__ABOUT THIS TASK__: Retype the listing exactly as it stands, and keep every image out.

__DATA SEGMENT__:
.....
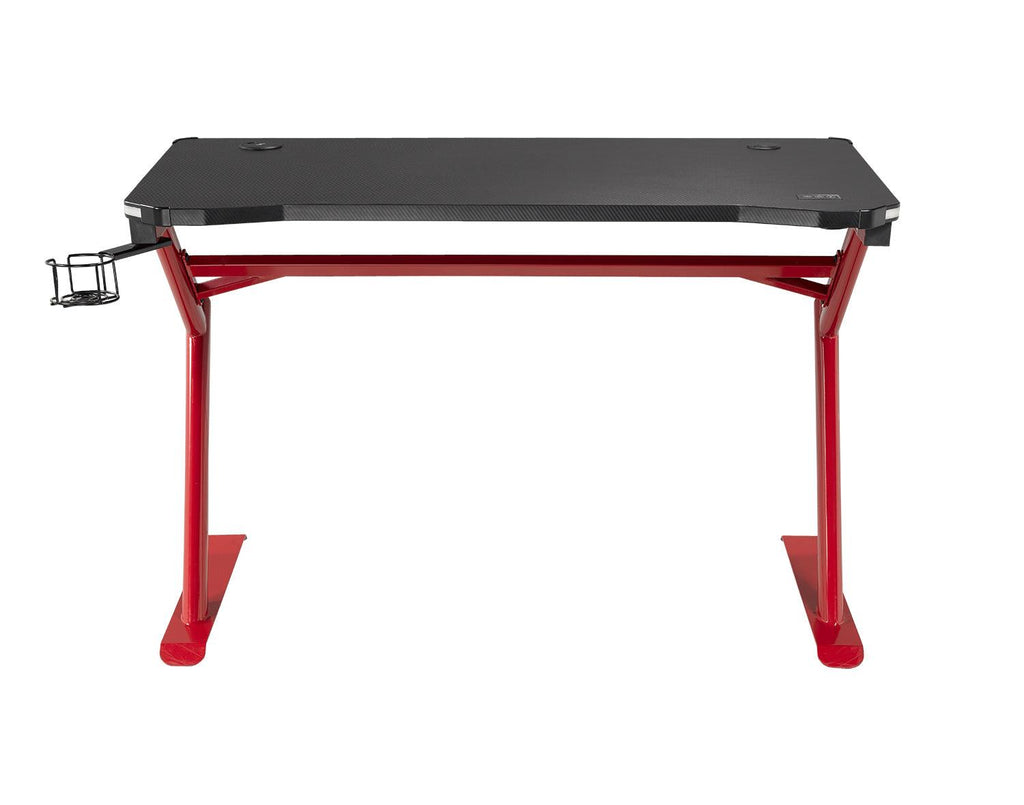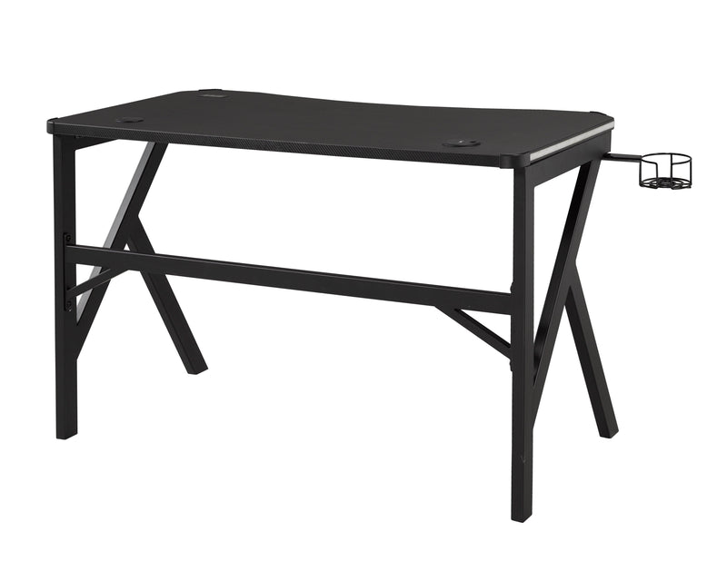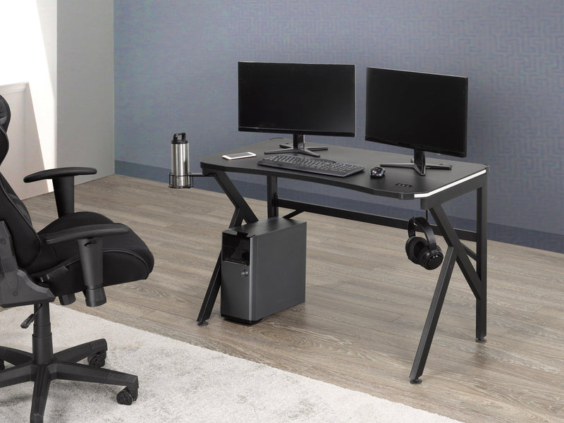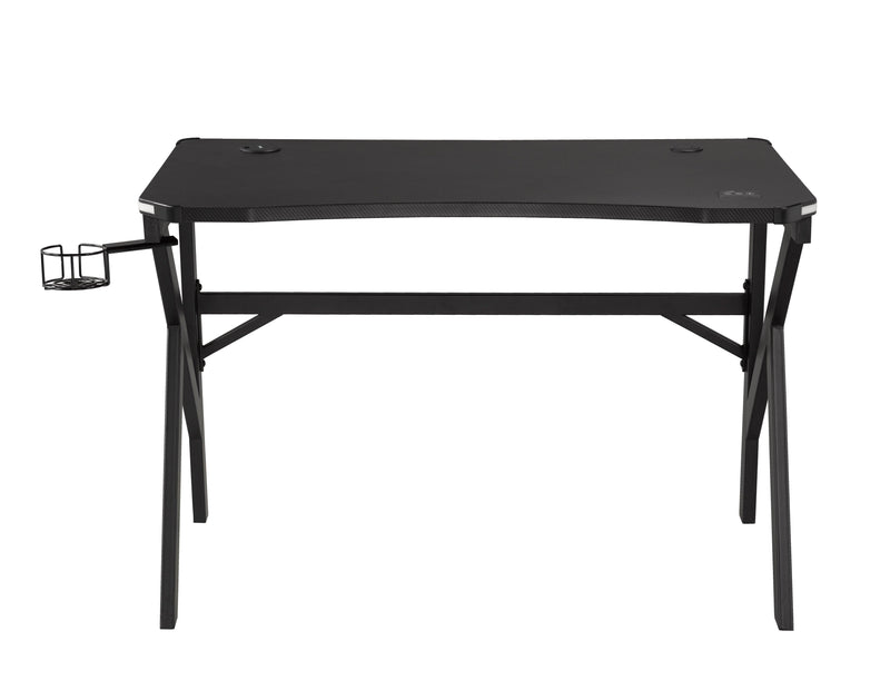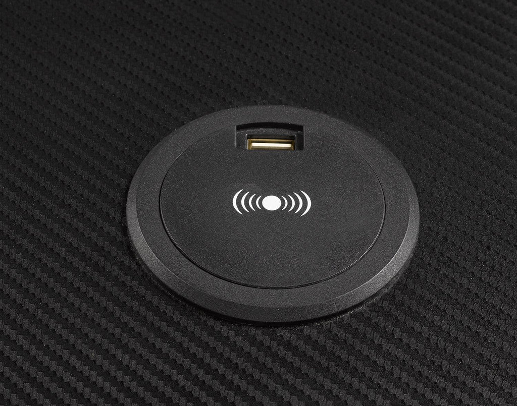 Create a modern gaming environment in your living space with the Etro Gaming Desk! Multi-level LED lighting with touch control allows for the most optimal gaming experience. The built-in headset and cup holders keep your playing essentials easily within reach for those long online gaming marathons! Integrated wireless and USB charging stations keep you connected at all times. The contemporary frame features a powder-coated iron tube for long-lasting use, while the carbon fiber-inspired top adds a sophisticated touch to the professional design. The perfect addition for any passionate gamer, this multi-functional desk is sure to impress.
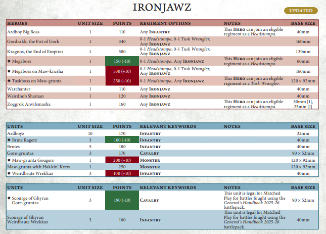 The Ironjawz Big Pigs regiment went the other way, +10 points to 430. An ever-popular choice for access to the Strike Last Rampage, and likely to remain so.
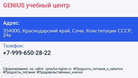GENIUS, учебный центр по адресу 354000, Краснодарский край, Сочи, Конституции СССР, 24а в дальнейшем Организация, размещена в следующих категориях:
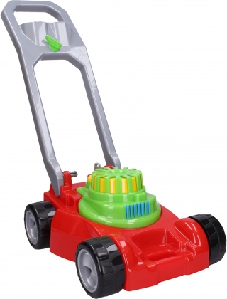 Plæneklipper. Sammenklappet plæneklipper 68(l) x 28(b) x 55(h) cm, inklusive håndtag. Forhjulene er frie, baghjulene klikker under kørsel. Plæneklipper uden håndtag 37x28x19 cm. I håndtaget er der en klikvende drejekontakt. I midten af plæneklipperen er der en farvet roterende spiral, som sættes i gang ved at trække eller skubbe håndtaget.
.....
__FINISHED EXERCISE__:
 Create a modern gaming environment in your living space with the Etro Gaming Desk! Multi-level LED lighting with touch control allows for the most optimal gaming experience. The built-in headset and cup holders keep your playing essentials easily within reach for those long online gaming marathons! Integrated wireless and USB charging stations keep you connected at all times. The contemporary frame features a powder-coated iron tube for long-lasting use, while the carbon fiber-inspired top adds a sophisticated touch to the professional design. The perfect addition for any passionate gamer, this multi-functional desk is sure to impress.
 The Ironjawz Big Pigs regiment went the other way, +10 points to 430. An ever-popular choice for access to the Strike Last Rampage, and likely to remain so.
GENIUS, учебный центр по адресу 354000, Краснодарский край, Сочи, Конституции СССР, 24а в дальнейшем Организация, размещена в следующих категориях:
 Plæneklipper. Sammenklappet plæneklipper 68(l) x 28(b) x 55(h) cm, inklusive håndtag. Forhjulene er frie, baghjulene klikker under kørsel. Plæneklipper uden håndtag 37x28x19 cm. I håndtaget er der en klikvende drejekontakt. I midten af plæneklipperen er der en farvet roterende spiral, som sættes i gang ved at trække eller skubbe håndtaget.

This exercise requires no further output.